Дверь хлопнула, и стало тихо. Дана выудила из недр шкафа Ольгины утепленные спортивные штаны — это было единственное, что хоть отдаленно напоминало горнолыжную одежду. Они даже не были непромокаемыми — ни одна из них горнолыжным спортом не увлекалась, и в такой одежде необходимости не было.
Пуховик Данка надела свой — во-первых, он не длинный, в нем удобно, а во-вторых, все равно другого не было. В демисезонной куртке она точно замерзнет. Сунула в карман ключ и сбежала вниз.
Даниял стоял возле «Гелика», и Данка снова ощутила себя невыразительным пятном на фоне сверкающих на солнце поверхностей внедорожника и умопомрачительного мужчины рядом. Тем временем Дан скептически осмотрел ее с ног до головы.
— Ты так вымокнешь, Дана, — и как у него звучит с придыханием это «Дана»! — твоя одежда совершенно не годится. Давай сейчас заедем в магазин…
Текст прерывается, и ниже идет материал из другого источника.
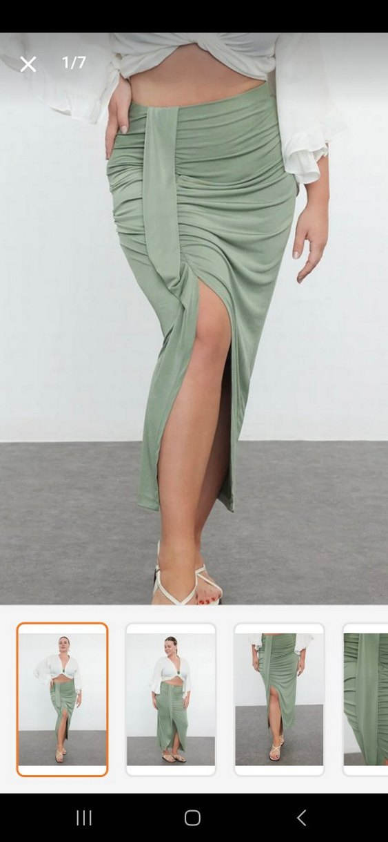 Haki renkli bu uzun etek, drapeli detaylar ve ön yırtmaç ile fit kesime sahip, yumuşak sentetik kumaştan üretilmiştir.

— Тогда я не еду, — быстро сказала Данка, придерживая дверцу. Даниял бросил на нее тот самый непонятный взгляд.
— Ты очень странная девушка, Дана. Садись, поехали.
— Я не собираюсь валяться в снегу, — примирительно сказала Данка, устраиваясь на переднем сиденье, — мы ездили с ребятами кататься на тюбах, они устойчивые. Вот когда на санках катаешься, тогда да, ты как снеговик.
— Тебе неинтересно попробовать на сноуборде или лыжах?
— Не знаю… Наверное, экстрим это не мое. А ты где научился?
— Мы с друзьями часто выезжали в Альпы.
— Ясно, — хмыкнула Данка, — прости, как я могла забыть. Куршавель?
— Ишгль, Вербье, — начал перечислять Дан, то ли не уловив в ее голосе ехидство, то ли не обратив внимание, — ну и Куршавель тоже.
Снова она наглядно увидела черту, которая отделяла ее от человека, выросшего среди денег, больших денег. Единственное, что подкупало — он говорил о роскоши не кичась, без позерства, как о чем-то само собой разумеющемся. И не его вина, что для Данки это было как рассуждать о лунных пейзажах — красиво и завораживающе, но недоступно, потому не очень интересно.